* **Exercise details**:
Retype exactly the span of lines below from the one with "The Denois domaine." through the one with "Directly in front". Do not include pictures.

======

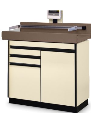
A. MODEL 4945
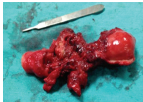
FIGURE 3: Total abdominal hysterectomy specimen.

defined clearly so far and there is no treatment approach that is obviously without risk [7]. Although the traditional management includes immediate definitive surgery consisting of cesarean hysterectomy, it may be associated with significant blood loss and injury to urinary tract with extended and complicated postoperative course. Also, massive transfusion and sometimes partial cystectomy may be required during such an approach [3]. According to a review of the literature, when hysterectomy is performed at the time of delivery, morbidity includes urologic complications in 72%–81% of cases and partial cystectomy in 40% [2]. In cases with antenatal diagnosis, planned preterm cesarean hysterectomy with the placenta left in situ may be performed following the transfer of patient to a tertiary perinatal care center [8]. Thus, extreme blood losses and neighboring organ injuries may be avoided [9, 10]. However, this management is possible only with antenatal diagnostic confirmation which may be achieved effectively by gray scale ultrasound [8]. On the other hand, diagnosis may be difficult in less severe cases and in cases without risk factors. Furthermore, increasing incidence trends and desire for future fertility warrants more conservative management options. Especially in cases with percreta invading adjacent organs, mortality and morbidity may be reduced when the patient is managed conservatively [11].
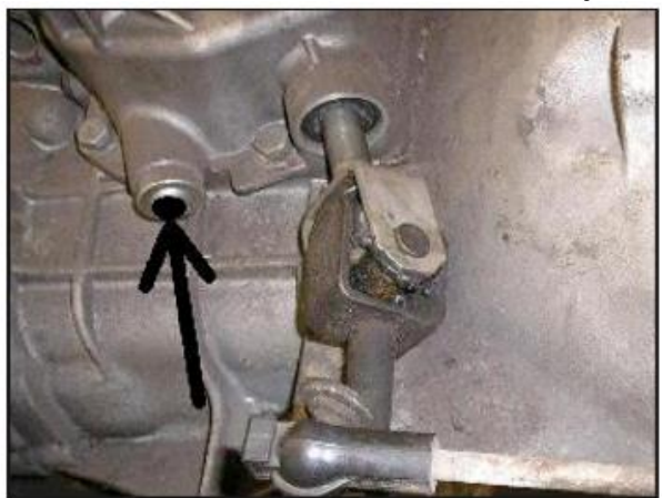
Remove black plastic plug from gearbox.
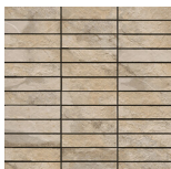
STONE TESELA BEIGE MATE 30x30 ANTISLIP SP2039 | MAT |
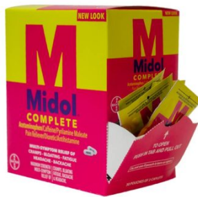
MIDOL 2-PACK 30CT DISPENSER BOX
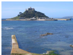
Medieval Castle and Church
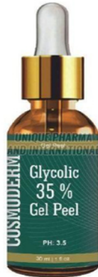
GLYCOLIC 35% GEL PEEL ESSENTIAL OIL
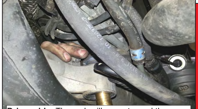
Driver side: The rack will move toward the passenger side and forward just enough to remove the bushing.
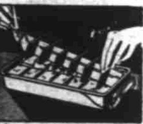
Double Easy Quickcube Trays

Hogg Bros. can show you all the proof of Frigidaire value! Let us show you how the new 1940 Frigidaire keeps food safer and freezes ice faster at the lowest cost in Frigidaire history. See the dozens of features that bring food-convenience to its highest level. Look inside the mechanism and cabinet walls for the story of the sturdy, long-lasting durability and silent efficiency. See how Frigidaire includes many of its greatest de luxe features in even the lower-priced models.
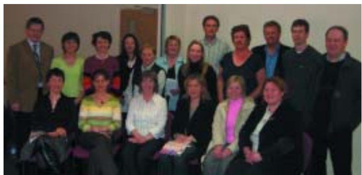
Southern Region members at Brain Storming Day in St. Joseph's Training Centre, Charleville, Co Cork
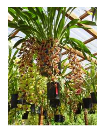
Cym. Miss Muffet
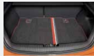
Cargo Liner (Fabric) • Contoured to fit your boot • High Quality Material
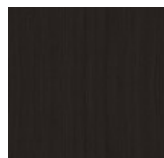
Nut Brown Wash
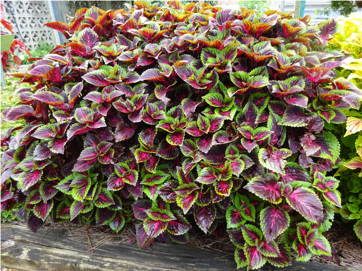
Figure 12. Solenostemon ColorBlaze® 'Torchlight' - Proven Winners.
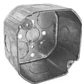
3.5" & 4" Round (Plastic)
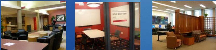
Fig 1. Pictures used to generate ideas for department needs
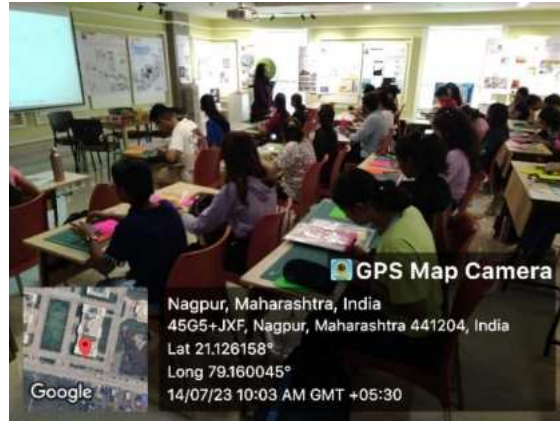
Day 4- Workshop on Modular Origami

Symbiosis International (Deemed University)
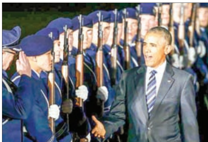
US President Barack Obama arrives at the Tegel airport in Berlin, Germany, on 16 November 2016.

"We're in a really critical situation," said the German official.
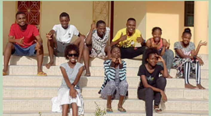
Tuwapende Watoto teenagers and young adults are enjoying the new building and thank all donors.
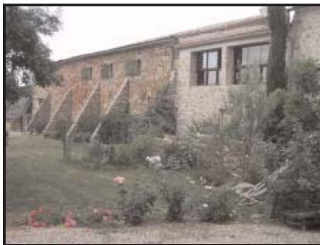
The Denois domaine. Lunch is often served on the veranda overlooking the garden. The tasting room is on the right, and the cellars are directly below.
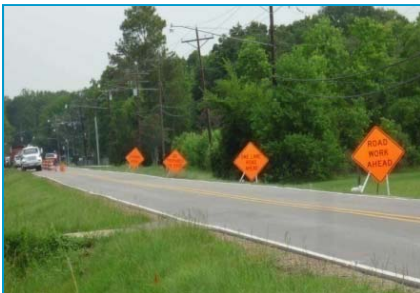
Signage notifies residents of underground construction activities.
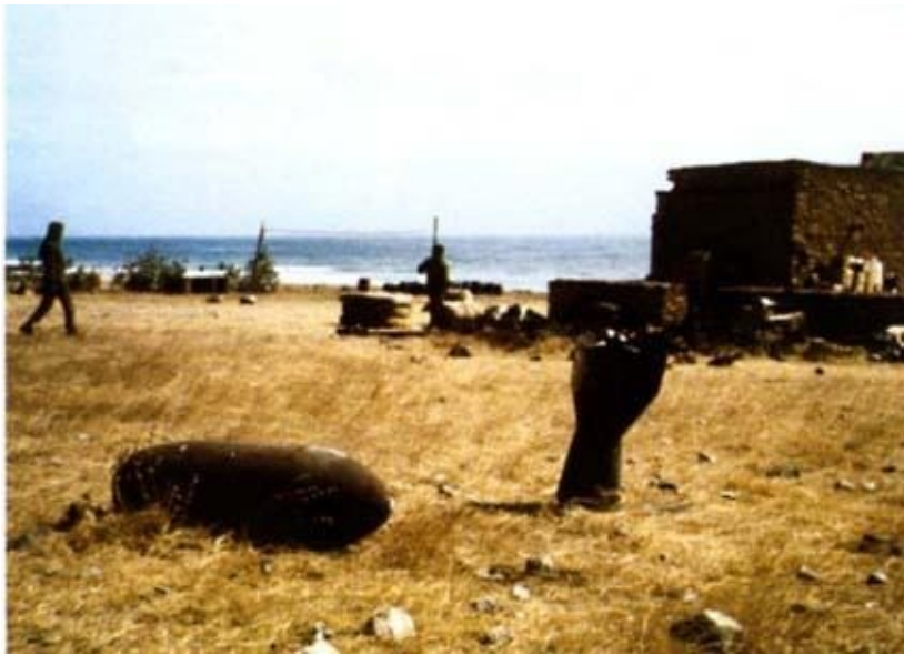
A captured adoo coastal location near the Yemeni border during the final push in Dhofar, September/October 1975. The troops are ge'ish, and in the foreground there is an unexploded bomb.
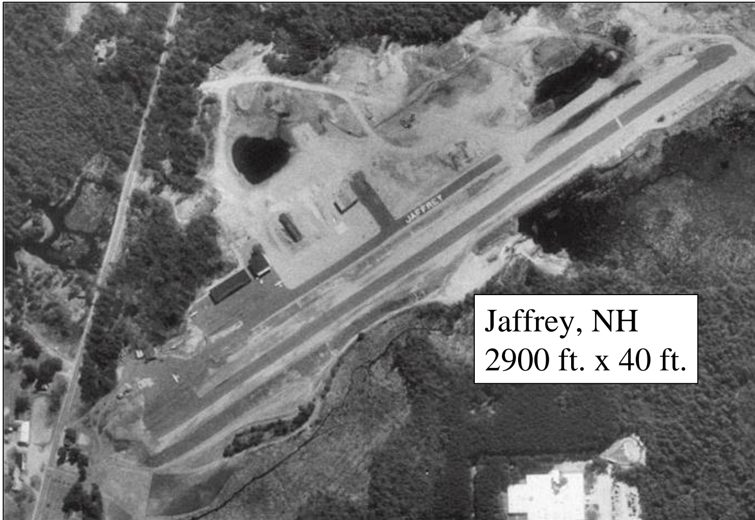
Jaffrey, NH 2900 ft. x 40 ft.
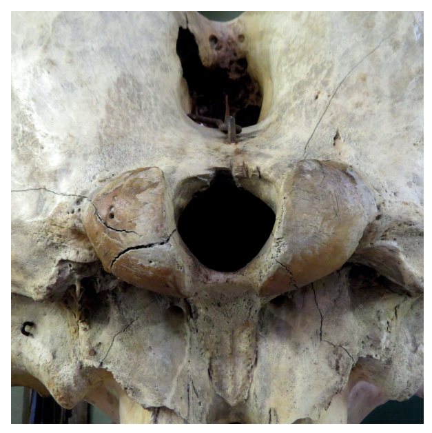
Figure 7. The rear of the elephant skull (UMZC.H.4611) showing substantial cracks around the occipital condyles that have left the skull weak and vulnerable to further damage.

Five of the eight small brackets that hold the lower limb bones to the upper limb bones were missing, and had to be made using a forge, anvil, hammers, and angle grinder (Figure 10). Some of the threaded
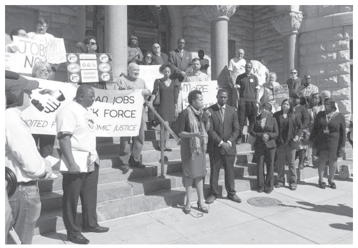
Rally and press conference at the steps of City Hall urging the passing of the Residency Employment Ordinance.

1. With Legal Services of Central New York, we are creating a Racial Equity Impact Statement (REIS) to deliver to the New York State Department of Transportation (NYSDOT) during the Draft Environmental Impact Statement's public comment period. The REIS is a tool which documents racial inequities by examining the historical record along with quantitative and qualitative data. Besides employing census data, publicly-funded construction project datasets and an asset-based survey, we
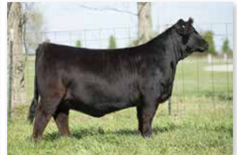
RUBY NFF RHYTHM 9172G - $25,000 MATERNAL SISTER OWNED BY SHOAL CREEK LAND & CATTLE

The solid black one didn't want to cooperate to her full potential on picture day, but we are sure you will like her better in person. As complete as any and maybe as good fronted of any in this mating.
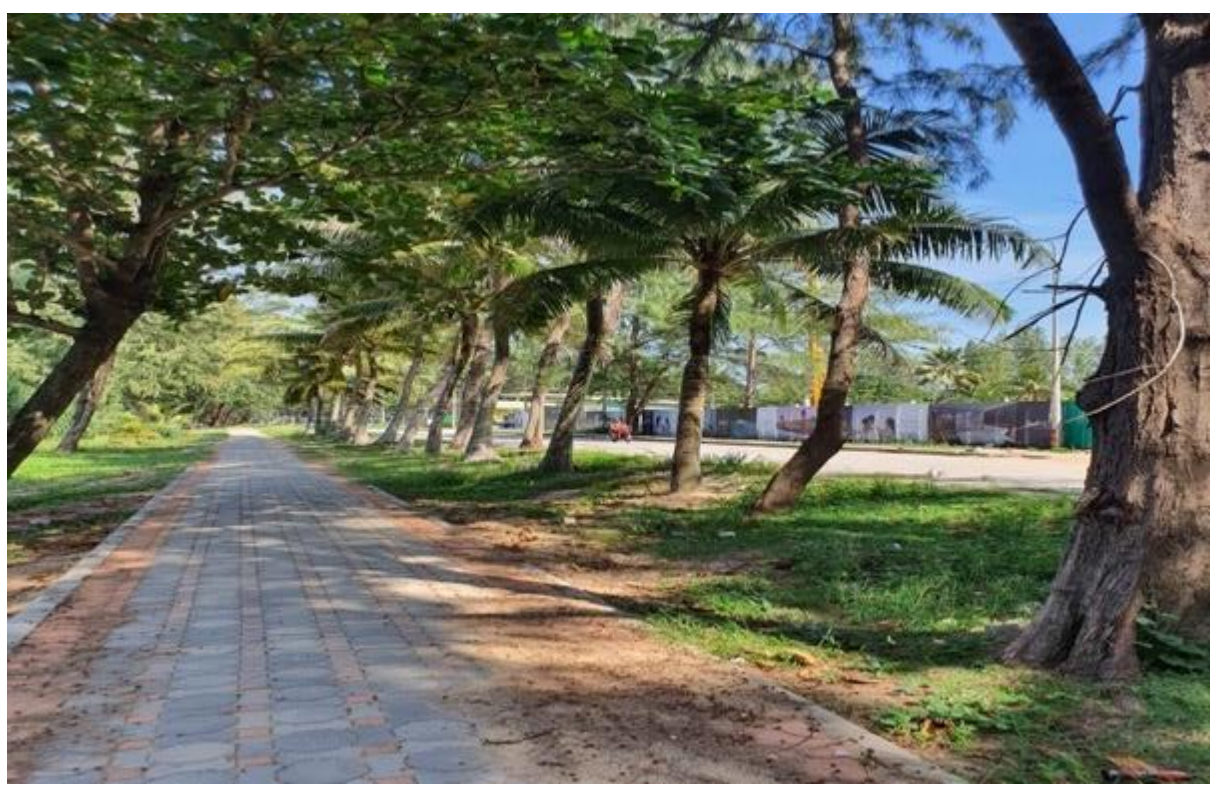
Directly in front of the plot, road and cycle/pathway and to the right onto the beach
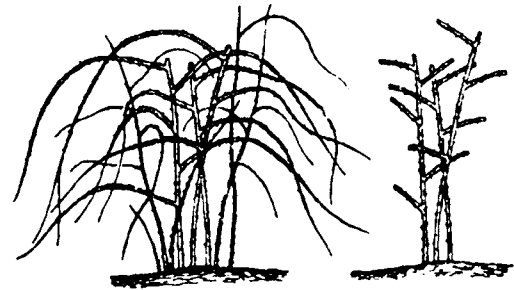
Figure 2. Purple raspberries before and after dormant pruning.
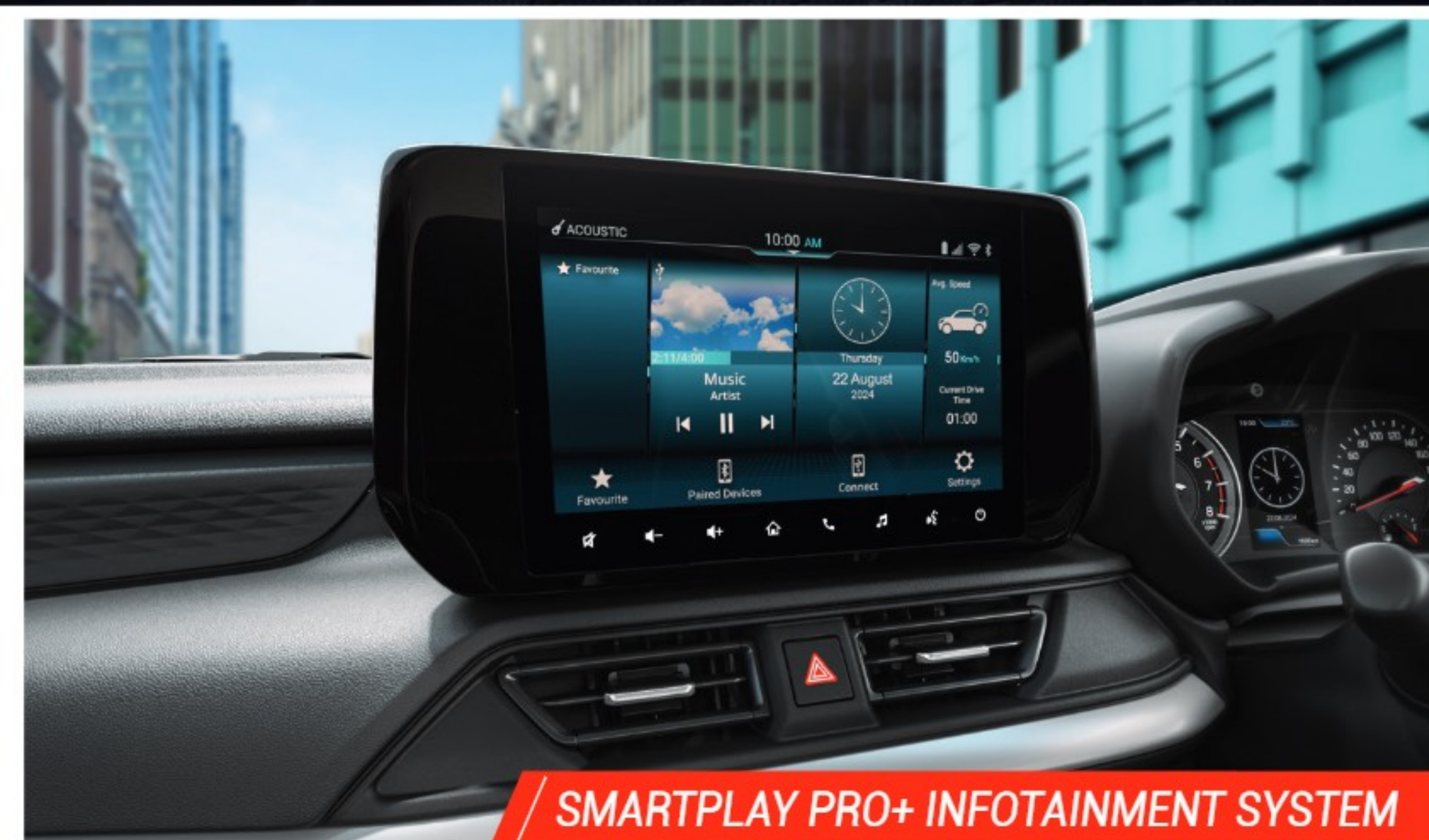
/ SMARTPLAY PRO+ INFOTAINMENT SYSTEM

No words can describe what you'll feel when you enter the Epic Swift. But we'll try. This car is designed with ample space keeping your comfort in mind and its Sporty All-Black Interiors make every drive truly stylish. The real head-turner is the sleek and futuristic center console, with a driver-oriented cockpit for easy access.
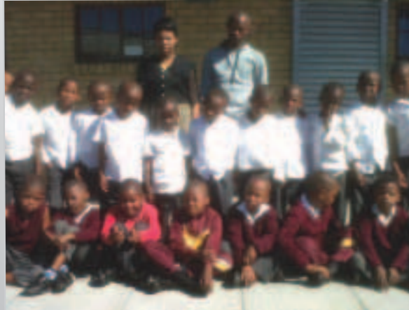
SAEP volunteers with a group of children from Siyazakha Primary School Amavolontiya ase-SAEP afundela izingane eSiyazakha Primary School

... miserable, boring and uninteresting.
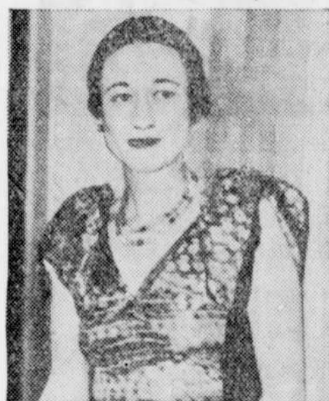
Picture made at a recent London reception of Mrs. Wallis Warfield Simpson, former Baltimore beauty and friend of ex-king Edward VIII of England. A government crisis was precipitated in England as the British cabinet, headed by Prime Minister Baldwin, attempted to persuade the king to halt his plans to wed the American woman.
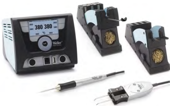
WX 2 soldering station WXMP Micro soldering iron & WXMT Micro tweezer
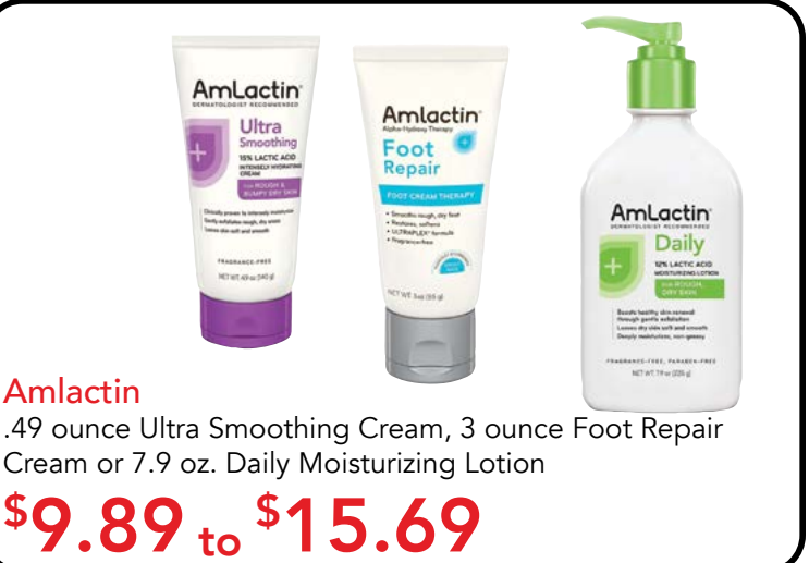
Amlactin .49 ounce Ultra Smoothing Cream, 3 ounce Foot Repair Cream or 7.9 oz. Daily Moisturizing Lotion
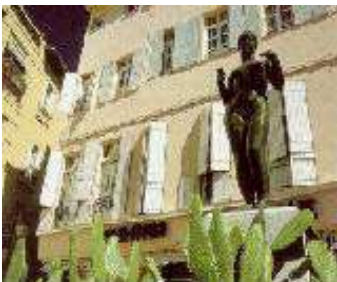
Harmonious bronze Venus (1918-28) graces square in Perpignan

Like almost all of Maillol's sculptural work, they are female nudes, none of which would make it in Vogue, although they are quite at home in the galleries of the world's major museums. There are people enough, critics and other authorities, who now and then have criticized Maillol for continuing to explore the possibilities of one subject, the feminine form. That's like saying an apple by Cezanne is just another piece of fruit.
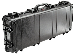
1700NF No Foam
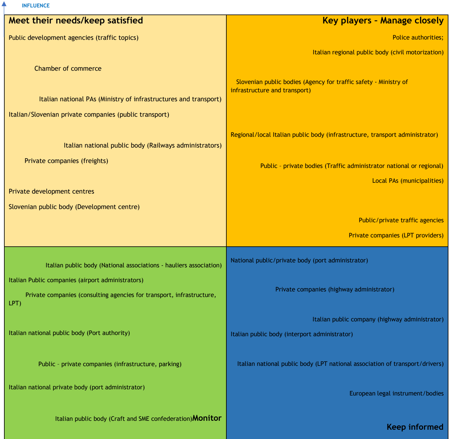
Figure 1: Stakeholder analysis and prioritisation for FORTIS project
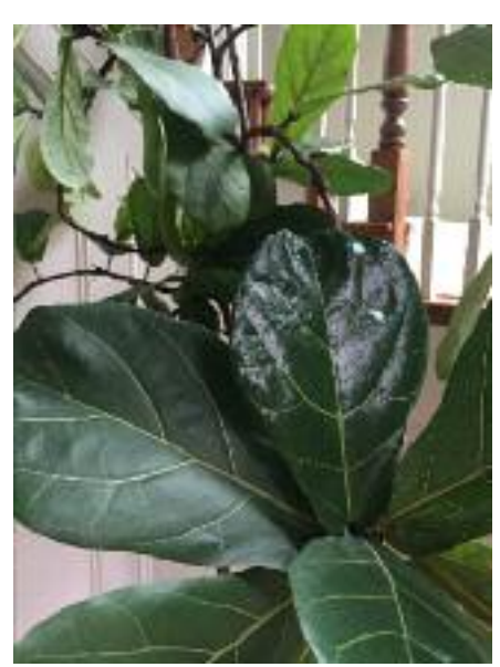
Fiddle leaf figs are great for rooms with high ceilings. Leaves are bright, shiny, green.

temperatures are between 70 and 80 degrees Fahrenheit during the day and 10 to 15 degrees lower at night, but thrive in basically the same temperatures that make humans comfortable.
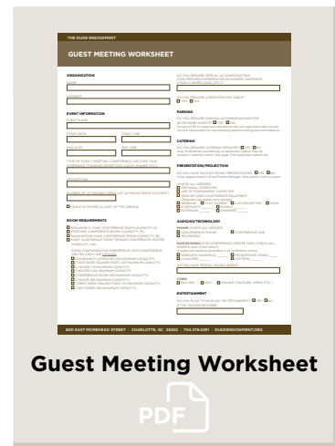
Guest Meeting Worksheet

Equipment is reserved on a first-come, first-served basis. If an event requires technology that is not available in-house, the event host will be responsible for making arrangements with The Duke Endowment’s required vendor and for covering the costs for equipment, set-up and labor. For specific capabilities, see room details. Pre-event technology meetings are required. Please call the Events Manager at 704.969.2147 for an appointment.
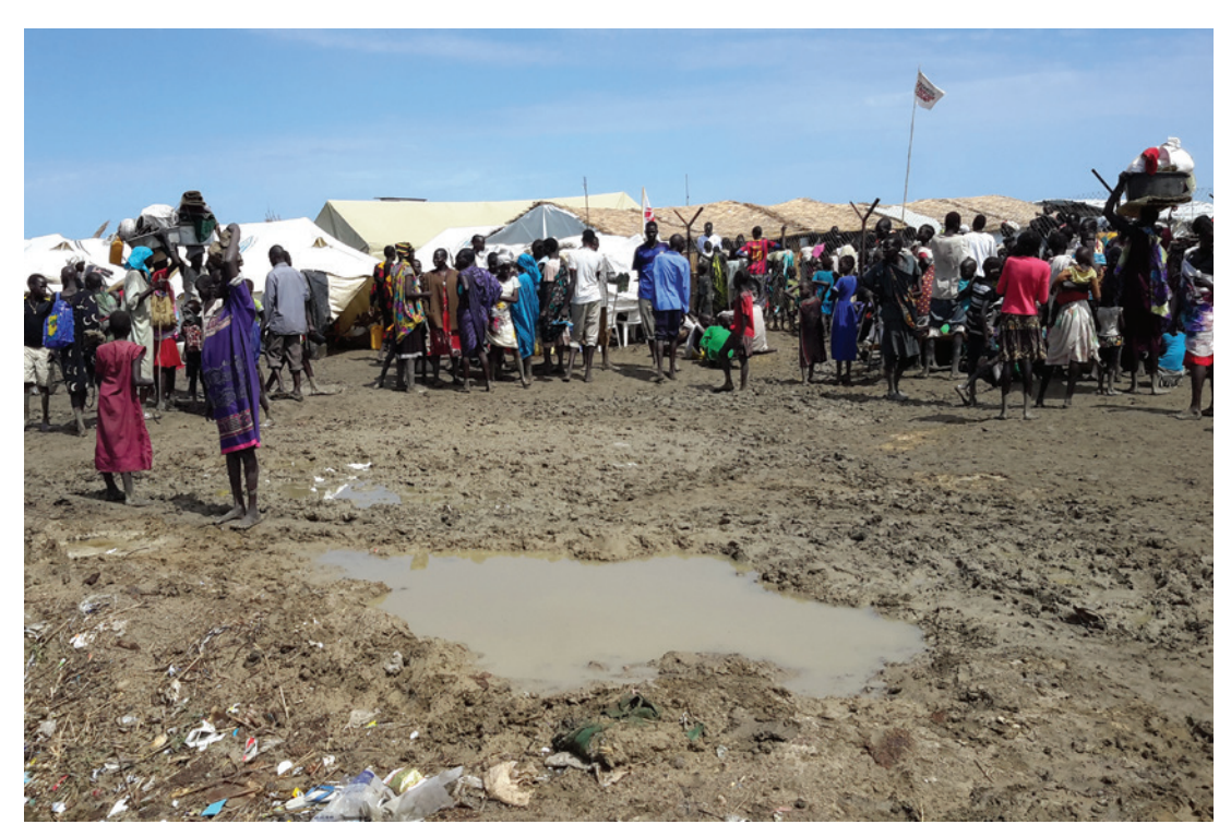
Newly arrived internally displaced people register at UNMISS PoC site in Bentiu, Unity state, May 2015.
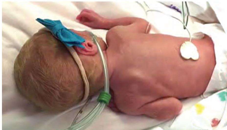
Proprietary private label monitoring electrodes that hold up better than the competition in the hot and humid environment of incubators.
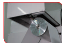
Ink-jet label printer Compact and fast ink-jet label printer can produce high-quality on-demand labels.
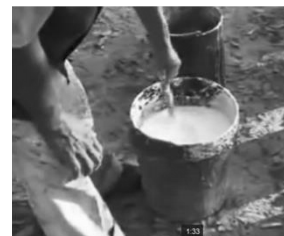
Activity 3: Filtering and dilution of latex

======

* **The completed task**:
The Denois domaine. Lunch is often served on the veranda overlooking the garden. The tasting room is on the right, and the cellars are directly below.
Signage notifies residents of underground construction activities.
A captured adoo coastal location near the Yemeni border during the final push in Dhofar, September/October 1975. The troops are ge'ish, and in the foreground there is an unexploded bomb.
Jaffrey, NH 2900 ft. x 40 ft.
Figure 7. The rear of the elephant skull (UMZC.H.4611) showing substantial cracks around the occipital condyles that have left the skull weak and vulnerable to further damage.

Five of the eight small brackets that hold the lower limb bones to the upper limb bones were missing, and had to be made using a forge, anvil, hammers, and angle grinder (Figure 10). Some of the threaded
Rally and press conference at the steps of City Hall urging the passing of the Residency Employment Ordinance.

1. With Legal Services of Central New York, we are creating a Racial Equity Impact Statement (REIS) to deliver to the New York State Department of Transportation (NYSDOT) during the Draft Environmental Impact Statement's public comment period. The REIS is a tool which documents racial inequities by examining the historical record along with quantitative and qualitative data. Besides employing census data, publicly-funded construction project datasets and an asset-based survey, we
RUBY NFF RHYTHM 9172G - $25,000 MATERNAL SISTER OWNED BY SHOAL CREEK LAND & CATTLE

The solid black one didn't want to cooperate to her full potential on picture day, but we are sure you will like her better in person. As complete as any and maybe as good fronted of any in this mating.
Directly in front of the plot, road and cycle/pathway and to the right onto the beach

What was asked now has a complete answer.